MPs to launch offensive on centre over AI losses
As many as 24 members of Parliament are out to grill the Centre on the financial mess in Air India as the bleeding national career fights for survival amid questions on whether taxpayers should continue to give it oxygen.
As many as 24 members of Parliament are out to grill the Centre on the financial mess in Air India as the bleeding national career fights for survival amid questions on whether taxpayers should continue to give it oxygen.
Civil aviation minister Vayalar Ravi is scheduled to answer a question in Parliament on Wednesday on the “financial health of Air India” that has been put up by no less than 24 MPs.

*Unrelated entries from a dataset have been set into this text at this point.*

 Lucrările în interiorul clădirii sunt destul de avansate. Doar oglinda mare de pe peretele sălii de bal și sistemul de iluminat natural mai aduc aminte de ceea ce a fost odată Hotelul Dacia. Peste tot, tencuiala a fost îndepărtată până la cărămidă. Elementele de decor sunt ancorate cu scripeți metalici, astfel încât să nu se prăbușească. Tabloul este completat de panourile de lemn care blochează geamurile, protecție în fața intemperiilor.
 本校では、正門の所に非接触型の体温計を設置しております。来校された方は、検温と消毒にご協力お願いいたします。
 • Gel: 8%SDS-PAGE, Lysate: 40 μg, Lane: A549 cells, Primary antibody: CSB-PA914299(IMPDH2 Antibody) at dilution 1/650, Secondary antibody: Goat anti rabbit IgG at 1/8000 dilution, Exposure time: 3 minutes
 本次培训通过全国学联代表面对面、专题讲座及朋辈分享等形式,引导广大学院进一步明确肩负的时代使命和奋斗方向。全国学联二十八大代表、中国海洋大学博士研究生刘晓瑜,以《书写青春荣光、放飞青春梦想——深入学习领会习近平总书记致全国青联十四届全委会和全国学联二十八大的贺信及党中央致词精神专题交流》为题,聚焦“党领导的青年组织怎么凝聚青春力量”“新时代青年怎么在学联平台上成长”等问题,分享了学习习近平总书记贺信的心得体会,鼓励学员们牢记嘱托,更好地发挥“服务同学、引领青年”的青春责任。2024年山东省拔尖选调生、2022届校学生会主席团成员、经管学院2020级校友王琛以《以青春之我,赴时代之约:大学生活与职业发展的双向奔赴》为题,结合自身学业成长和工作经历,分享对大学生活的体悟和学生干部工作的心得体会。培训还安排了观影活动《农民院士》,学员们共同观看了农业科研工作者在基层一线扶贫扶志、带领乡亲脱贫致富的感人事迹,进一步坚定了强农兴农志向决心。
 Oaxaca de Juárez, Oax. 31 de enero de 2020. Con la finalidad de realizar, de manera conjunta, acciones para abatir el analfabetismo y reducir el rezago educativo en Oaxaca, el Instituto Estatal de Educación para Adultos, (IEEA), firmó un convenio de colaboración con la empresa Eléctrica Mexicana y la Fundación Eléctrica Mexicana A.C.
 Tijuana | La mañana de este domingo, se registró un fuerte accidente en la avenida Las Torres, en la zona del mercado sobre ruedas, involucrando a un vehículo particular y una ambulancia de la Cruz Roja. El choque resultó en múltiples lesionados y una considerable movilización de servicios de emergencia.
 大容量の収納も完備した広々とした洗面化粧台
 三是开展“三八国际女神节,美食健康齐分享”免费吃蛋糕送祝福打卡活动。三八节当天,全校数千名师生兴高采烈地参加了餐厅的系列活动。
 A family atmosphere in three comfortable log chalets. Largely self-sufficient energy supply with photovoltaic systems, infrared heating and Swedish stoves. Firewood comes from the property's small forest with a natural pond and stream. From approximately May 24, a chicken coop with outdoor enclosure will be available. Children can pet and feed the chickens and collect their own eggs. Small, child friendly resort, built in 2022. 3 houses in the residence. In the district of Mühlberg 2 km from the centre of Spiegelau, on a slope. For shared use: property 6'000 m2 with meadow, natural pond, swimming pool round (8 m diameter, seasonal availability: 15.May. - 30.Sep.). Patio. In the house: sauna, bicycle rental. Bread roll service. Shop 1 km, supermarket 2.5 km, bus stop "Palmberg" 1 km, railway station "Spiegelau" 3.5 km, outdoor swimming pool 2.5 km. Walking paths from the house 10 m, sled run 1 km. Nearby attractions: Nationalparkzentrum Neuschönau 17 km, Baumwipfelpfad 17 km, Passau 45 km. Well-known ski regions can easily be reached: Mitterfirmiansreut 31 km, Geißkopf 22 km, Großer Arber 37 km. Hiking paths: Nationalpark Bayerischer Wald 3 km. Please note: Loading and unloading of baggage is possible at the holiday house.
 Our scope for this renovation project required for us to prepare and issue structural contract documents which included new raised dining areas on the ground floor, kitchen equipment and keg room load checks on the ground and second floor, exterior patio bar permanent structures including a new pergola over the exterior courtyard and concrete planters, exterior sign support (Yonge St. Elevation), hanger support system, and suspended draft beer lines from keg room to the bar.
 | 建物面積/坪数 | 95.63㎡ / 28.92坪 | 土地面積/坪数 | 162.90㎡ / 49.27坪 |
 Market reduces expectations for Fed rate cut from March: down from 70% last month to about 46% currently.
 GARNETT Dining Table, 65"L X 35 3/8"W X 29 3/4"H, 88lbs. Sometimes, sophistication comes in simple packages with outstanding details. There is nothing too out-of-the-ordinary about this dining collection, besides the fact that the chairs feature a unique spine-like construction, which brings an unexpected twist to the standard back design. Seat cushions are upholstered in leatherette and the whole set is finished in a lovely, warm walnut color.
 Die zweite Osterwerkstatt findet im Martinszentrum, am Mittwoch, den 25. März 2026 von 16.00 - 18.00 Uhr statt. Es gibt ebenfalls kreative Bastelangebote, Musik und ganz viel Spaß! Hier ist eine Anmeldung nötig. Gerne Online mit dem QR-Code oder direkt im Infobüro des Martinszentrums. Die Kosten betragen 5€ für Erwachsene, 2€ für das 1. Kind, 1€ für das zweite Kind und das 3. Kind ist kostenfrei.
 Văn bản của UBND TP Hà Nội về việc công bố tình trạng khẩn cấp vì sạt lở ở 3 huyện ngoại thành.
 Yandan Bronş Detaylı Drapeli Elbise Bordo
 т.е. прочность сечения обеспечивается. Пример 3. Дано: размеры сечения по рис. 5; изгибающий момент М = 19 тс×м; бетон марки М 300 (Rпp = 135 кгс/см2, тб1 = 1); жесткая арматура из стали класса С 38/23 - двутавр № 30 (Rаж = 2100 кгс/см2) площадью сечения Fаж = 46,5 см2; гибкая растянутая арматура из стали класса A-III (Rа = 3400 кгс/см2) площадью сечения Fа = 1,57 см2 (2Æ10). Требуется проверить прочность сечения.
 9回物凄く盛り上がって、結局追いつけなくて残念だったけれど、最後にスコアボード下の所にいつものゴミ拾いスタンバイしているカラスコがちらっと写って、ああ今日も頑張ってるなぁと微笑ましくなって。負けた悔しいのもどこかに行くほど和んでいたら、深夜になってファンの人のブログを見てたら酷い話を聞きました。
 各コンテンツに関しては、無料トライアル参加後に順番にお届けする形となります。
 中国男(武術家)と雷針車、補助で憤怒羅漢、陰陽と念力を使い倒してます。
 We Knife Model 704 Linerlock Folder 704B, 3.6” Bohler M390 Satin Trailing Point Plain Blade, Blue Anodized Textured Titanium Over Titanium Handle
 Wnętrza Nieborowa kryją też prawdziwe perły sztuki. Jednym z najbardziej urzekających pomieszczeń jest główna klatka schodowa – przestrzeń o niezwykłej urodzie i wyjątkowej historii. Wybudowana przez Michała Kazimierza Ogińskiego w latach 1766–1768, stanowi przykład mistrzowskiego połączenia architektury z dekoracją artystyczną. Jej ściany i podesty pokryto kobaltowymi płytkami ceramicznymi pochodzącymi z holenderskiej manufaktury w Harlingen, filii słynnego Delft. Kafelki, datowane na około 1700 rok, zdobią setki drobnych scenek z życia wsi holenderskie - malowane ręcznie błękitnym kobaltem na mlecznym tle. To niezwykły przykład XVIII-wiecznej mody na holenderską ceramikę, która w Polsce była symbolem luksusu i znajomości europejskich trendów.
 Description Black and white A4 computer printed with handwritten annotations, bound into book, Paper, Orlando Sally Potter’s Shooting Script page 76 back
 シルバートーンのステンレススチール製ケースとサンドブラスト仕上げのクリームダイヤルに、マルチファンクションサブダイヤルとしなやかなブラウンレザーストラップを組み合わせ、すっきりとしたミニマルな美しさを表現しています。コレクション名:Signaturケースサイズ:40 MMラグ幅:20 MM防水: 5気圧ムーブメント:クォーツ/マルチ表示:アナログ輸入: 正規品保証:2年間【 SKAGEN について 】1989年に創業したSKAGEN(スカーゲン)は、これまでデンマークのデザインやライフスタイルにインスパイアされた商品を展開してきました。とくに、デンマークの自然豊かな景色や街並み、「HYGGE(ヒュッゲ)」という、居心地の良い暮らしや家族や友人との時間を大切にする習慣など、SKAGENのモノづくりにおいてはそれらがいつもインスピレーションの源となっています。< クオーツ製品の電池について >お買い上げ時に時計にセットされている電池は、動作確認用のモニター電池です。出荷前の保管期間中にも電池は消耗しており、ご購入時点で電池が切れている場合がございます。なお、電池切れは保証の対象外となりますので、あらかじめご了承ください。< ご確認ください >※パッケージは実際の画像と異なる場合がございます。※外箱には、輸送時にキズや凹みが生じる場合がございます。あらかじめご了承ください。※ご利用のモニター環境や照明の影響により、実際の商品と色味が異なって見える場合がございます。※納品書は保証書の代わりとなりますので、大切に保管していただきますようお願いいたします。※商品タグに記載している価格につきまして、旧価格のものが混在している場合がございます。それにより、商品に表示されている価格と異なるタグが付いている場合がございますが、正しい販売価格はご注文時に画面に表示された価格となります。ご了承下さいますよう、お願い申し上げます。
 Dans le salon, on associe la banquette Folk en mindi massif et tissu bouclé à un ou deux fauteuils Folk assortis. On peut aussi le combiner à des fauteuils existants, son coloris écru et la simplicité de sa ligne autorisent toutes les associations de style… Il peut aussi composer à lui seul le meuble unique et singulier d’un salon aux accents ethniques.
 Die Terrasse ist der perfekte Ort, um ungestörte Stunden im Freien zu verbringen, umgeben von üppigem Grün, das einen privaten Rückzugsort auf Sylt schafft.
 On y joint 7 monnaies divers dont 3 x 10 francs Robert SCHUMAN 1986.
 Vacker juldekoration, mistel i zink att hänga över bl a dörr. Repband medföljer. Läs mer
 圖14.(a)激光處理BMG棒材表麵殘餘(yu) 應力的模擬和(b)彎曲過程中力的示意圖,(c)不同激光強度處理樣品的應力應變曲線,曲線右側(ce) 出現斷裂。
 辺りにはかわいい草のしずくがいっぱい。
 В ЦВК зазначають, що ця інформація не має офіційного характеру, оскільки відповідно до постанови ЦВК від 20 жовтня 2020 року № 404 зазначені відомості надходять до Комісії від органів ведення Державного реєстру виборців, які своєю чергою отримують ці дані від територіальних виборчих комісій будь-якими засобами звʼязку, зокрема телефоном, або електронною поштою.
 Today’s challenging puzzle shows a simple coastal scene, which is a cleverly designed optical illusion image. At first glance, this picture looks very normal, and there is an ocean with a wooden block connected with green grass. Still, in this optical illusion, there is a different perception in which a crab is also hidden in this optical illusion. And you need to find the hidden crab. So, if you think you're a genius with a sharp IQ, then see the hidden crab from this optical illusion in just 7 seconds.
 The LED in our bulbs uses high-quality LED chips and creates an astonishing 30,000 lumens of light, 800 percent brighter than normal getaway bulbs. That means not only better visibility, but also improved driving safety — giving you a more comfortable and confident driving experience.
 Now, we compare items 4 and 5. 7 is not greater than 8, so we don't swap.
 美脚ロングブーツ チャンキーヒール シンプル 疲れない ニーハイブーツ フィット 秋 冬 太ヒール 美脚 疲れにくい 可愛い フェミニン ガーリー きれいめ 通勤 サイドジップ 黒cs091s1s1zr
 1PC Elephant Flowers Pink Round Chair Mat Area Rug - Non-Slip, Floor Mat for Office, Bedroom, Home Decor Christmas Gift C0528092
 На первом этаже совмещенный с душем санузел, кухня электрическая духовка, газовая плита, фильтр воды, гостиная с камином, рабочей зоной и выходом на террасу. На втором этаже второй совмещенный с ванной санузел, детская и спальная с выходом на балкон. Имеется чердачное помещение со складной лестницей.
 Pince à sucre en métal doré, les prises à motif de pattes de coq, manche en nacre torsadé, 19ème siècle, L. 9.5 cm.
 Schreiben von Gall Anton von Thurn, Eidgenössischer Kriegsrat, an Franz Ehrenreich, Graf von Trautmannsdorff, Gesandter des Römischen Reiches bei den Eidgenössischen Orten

“Usually, one or two MPs at the most ask a particular question, but this is a rare situation,” said an aviation ministry official.
Among the questions asked by the MPs is whether the CAG in its report has stated that AI under-reported its losses in 2009-10. The official loss figure was put at R5,551 crore.
HT had first reported on February 8 that a supplementary audit by the CAG had revealed that AI may have understated its losses for fiscal 2010 by R3038.1 crore.
The MPs have also inquired whether there is disparity in salaries of erstwhile Indian Airlines (IA) and AI pilots following merger of the two companies. Significantly, the Indian Commercial Pilots Association, a union of erstwhile IA pilots, has threatened to strike work on the same issue from March 9 — a day the question comes up in Parliament.
“There has been no improvement in AI on any account in last two years. It has been an absolute downslide. For all the ills of AI, the buck must stop with the top management. You can’t let them get off. Someone has to be accountable,” said Mohan Ranganathan, a Chennai-based aviation expert.